Data in this exercise:
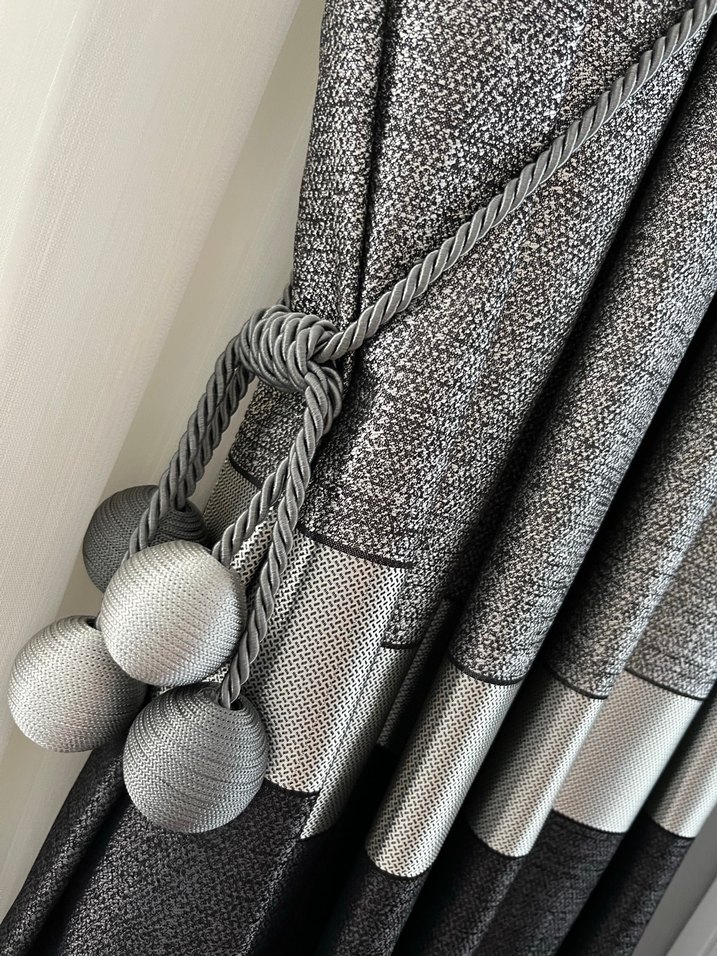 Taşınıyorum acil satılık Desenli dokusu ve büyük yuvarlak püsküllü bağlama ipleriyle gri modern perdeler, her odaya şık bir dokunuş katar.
==
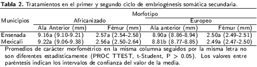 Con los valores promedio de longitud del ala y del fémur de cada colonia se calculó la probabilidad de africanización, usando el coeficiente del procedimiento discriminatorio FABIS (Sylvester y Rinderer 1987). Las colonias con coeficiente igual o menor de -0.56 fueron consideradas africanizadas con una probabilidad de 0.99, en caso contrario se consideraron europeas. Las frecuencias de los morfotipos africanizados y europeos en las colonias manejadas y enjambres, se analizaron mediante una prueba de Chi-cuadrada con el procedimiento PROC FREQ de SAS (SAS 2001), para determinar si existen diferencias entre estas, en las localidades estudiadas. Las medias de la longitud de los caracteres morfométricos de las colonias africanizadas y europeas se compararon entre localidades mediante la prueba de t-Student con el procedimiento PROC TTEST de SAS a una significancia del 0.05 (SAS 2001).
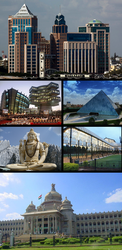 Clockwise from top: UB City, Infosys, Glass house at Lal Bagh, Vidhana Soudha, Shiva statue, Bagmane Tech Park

Assignment: Quote the lines above exactly, starting with the one that has "Con los valores" and ending with the one that has "Clockwise from top: UB"; drop the pictures and include nothing else.

Exercise solution:
 Con los valores promedio de longitud del ala y del fémur de cada colonia se calculó la probabilidad de africanización, usando el coeficiente del procedimiento discriminatorio FABIS (Sylvester y Rinderer 1987). Las colonias con coeficiente igual o menor de -0.56 fueron consideradas africanizadas con una probabilidad de 0.99, en caso contrario se consideraron europeas. Las frecuencias de los morfotipos africanizados y europeos en las colonias manejadas y enjambres, se analizaron mediante una prueba de Chi-cuadrada con el procedimiento PROC FREQ de SAS (SAS 2001), para determinar si existen diferencias entre estas, en las localidades estudiadas. Las medias de la longitud de los caracteres morfométricos de las colonias africanizadas y europeas se compararon entre localidades mediante la prueba de t-Student con el procedimiento PROC TTEST de SAS a una significancia del 0.05 (SAS 2001).
 Clockwise from top: UB City, Infosys, Glass house at Lal Bagh, Vidhana Soudha, Shiva statue, Bagmane Tech Park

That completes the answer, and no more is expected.